### Records for the exercise
=== Section Start ===

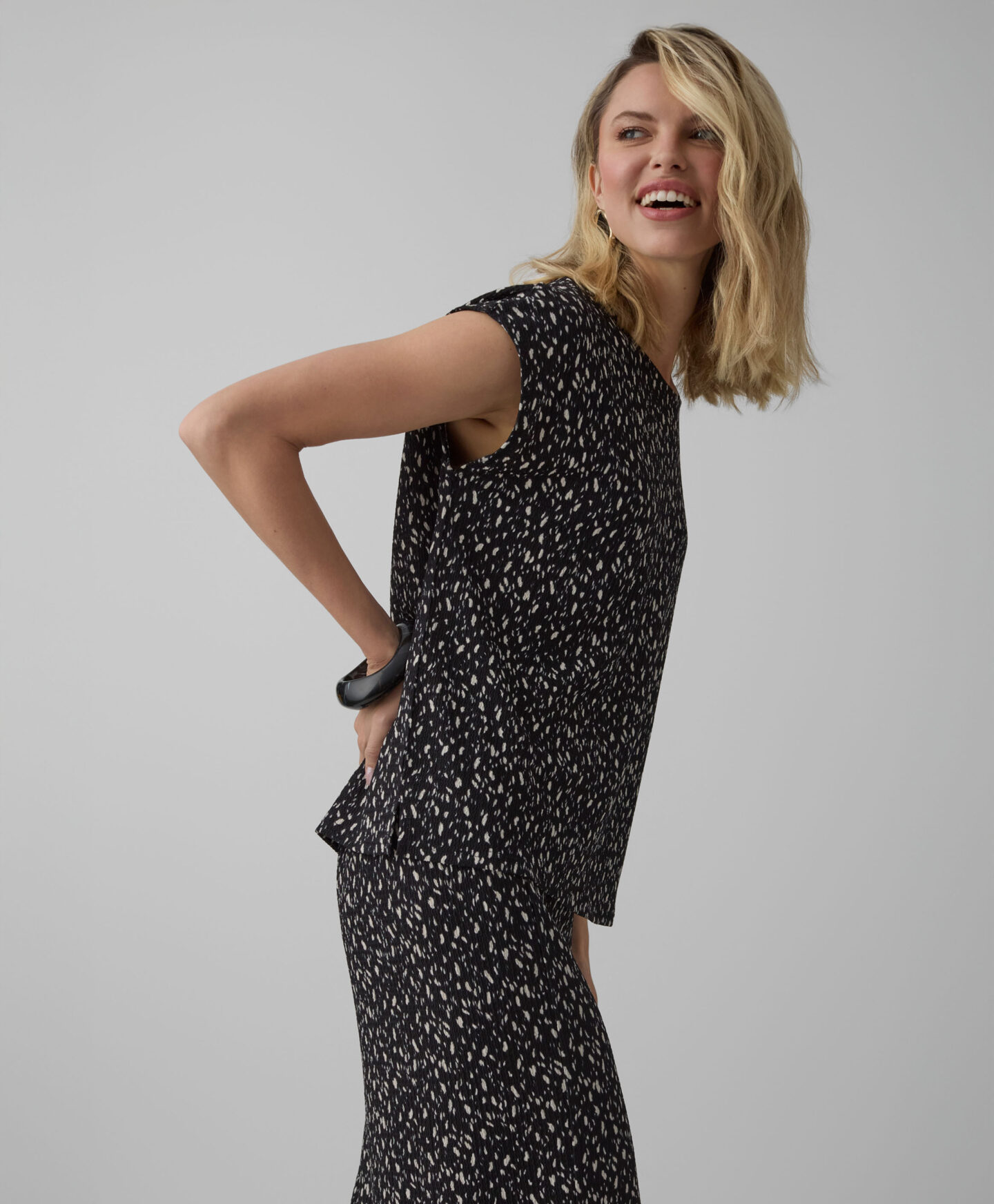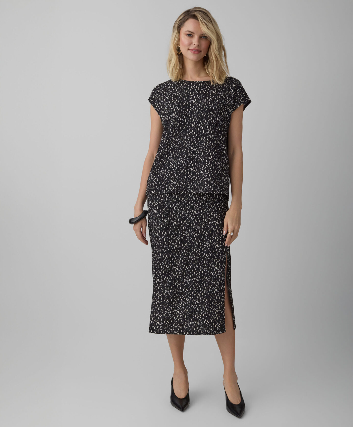 Crna košulja za žene sa naborima i dezenom čini komplet sa suknjom iz iste kolekcije. Međutim, možete je lako upariti i sa omiljenim farmerkama ili elegantnijim pantalonama. Kratki rukav je čini savršenom za slojevito oblačenje u prelaznim periodima. Odlično se slaže i uz klasični sako i kardigan.
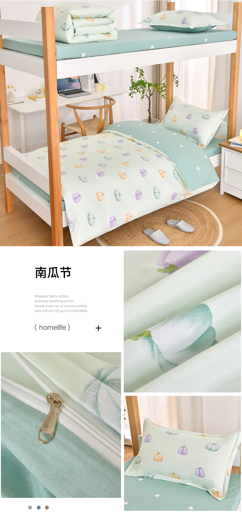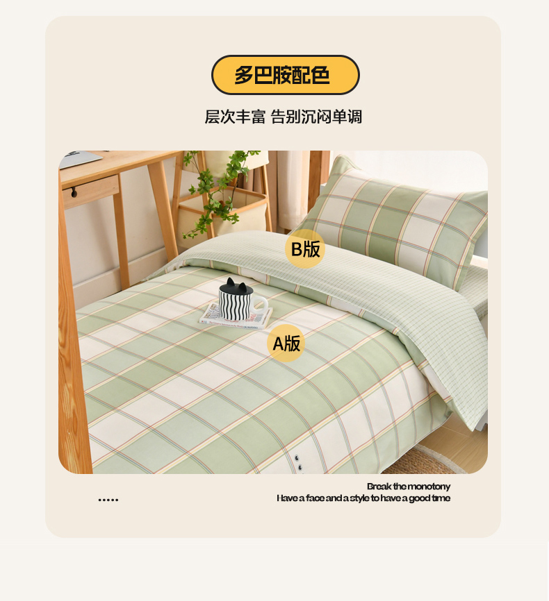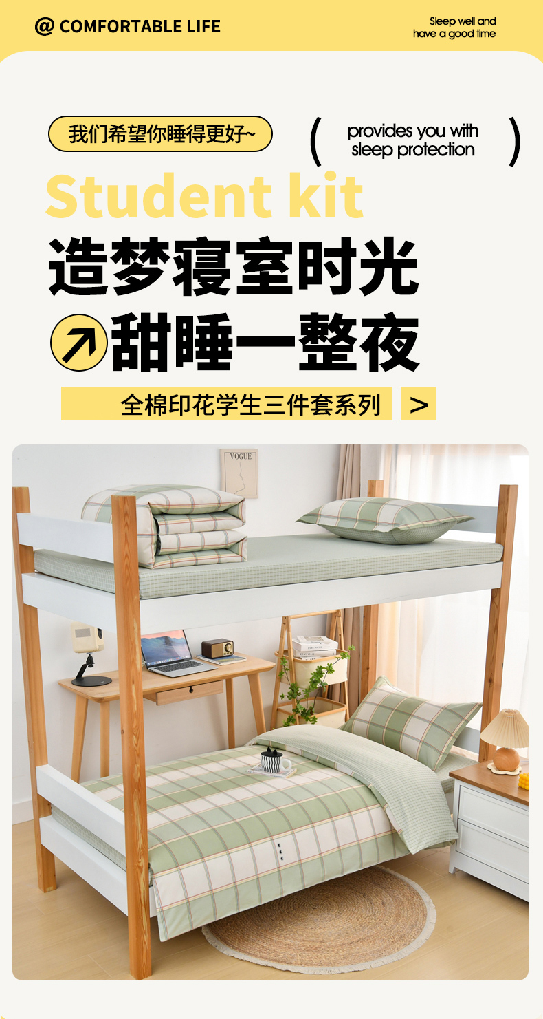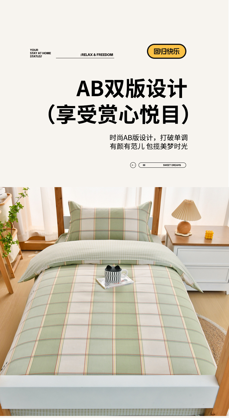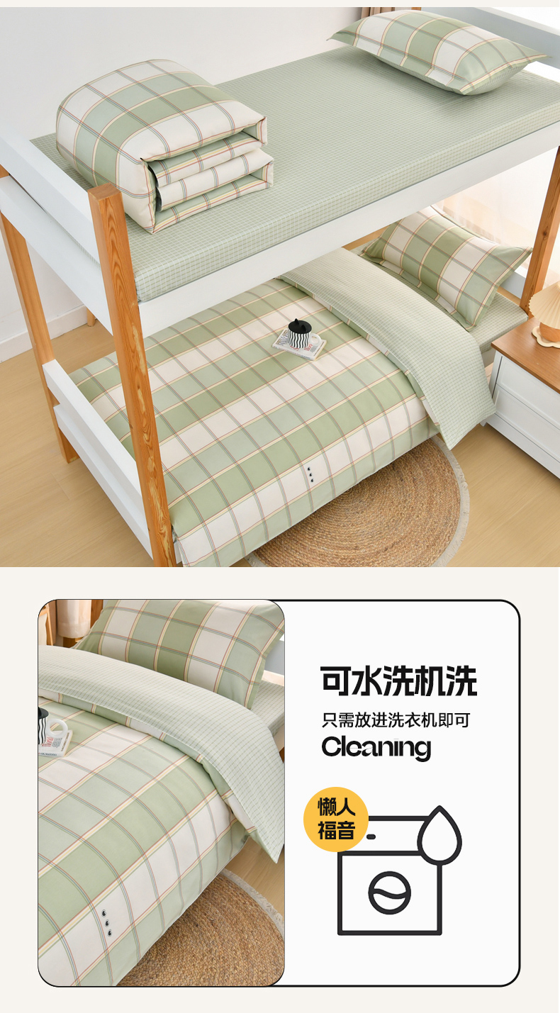 当前位置: 91家纺网 > 商品网购 > 床品套件 > 四件套 > 全棉普通四件套 > 乐旗家纺 2025新款全棉13372印花学生上下铺套件宿舍三件套 闲趣-绿
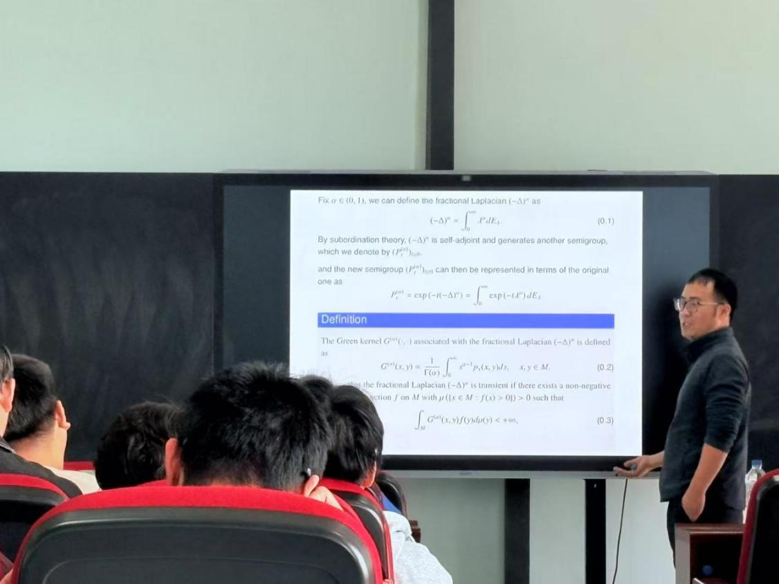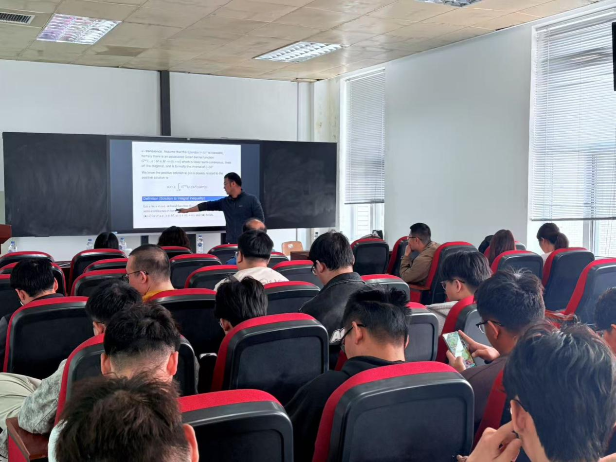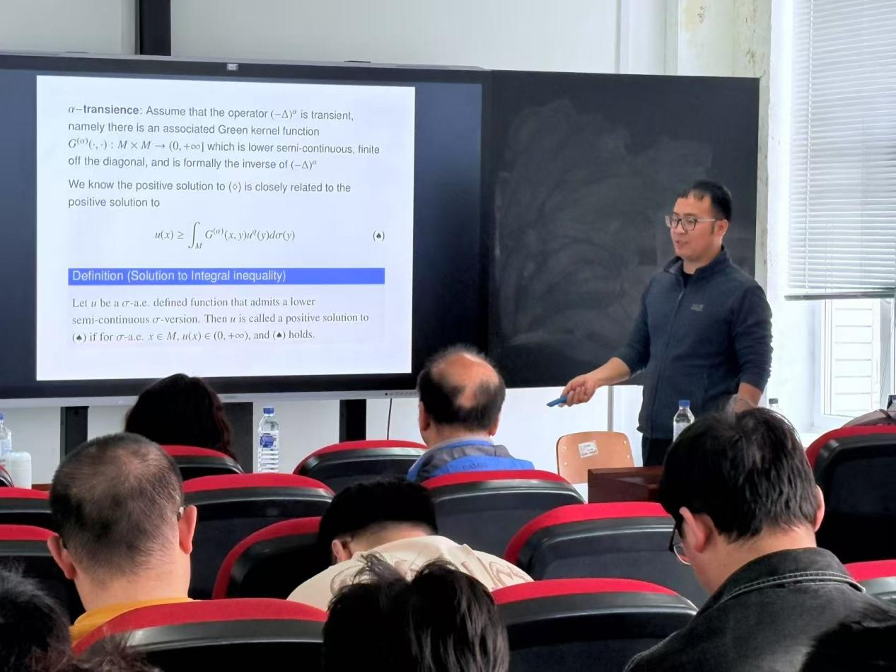 此次报告,孙玉华教授围绕 “流形上非局部椭圆不等式正解的存在性与不存在性” 展开深入探讨。从研究背景与预备知识说起,在非紧测地完备流形的大前提下,孙教授聚焦不等式正解的情况,详细介绍了流形的体积加倍条件和庞加莱不等式。对于分数阶拉普拉斯算子,他从积分算子、傅里叶方法等多种视角给出定义,并讲解了格林核的定义、性质以及分数阶拉普拉斯算子暂态性的定义,这些基础知识为后续深入研究搭建了稳固的基石。
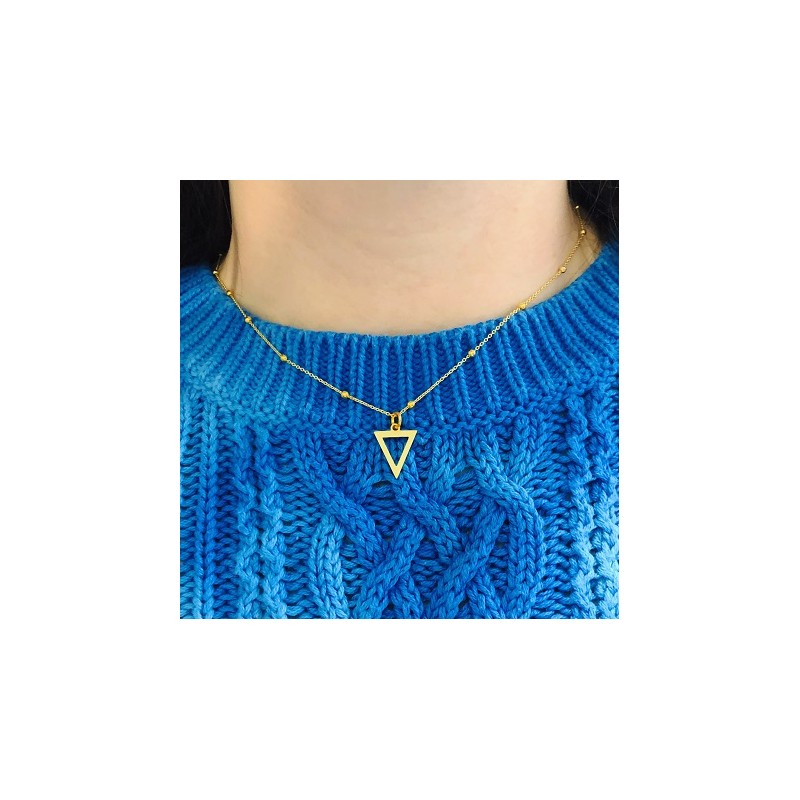 Colgante triángulo en plata de ley 925, bañado en oro de 18k. Fabricado en España.
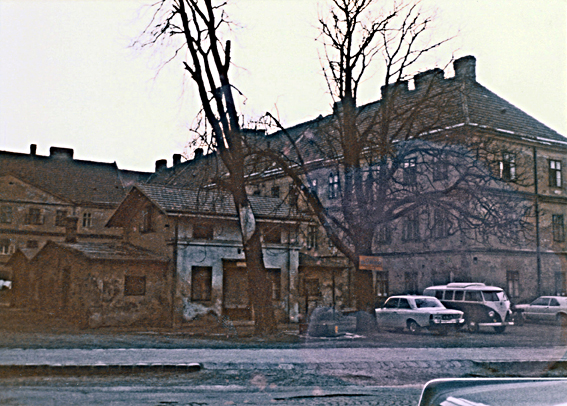Der Consum vor dem Arbeiterwohnhaus Altgebäude.
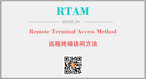 上述内容是“Remote Terminal Access Method”作为“RTAM”的缩写,解释为“远程终端访问方法”时的信息,以及英文缩略词RTAM所代表的英文单词,其对应的中文拼音、详细解释以及在英文中的流行度和相关分类、应用领域及应用示例等。

=== Section End ===

### What you will do
Whatever pictures the entries contain, omit them, and write the rest out exactly.

### Expected answer
 Crna košulja za žene sa naborima i dezenom čini komplet sa suknjom iz iste kolekcije. Međutim, možete je lako upariti i sa omiljenim farmerkama ili elegantnijim pantalonama. Kratki rukav je čini savršenom za slojevito oblačenje u prelaznim periodima. Odlično se slaže i uz klasični sako i kardigan.
 当前位置: 91家纺网 > 商品网购 > 床品套件 > 四件套 > 全棉普通四件套 > 乐旗家纺 2025新款全棉13372印花学生上下铺套件宿舍三件套 闲趣-绿
 此次报告,孙玉华教授围绕 “流形上非局部椭圆不等式正解的存在性与不存在性” 展开深入探讨。从研究背景与预备知识说起,在非紧测地完备流形的大前提下,孙教授聚焦不等式正解的情况,详细介绍了流形的体积加倍条件和庞加莱不等式。对于分数阶拉普拉斯算子,他从积分算子、傅里叶方法等多种视角给出定义,并讲解了格林核的定义、性质以及分数阶拉普拉斯算子暂态性的定义,这些基础知识为后续深入研究搭建了稳固的基石。
 Colgante triángulo en plata de ley 925, bañado en oro de 18k. Fabricado en España.
Der Consum vor dem Arbeiterwohnhaus Altgebäude.
 上述内容是“Remote Terminal Access Method”作为“RTAM”的缩写,解释为“远程终端访问方法”时的信息,以及英文缩略词RTAM所代表的英文单词,其对应的中文拼音、详细解释以及在英文中的流行度和相关分类、应用领域及应用示例等。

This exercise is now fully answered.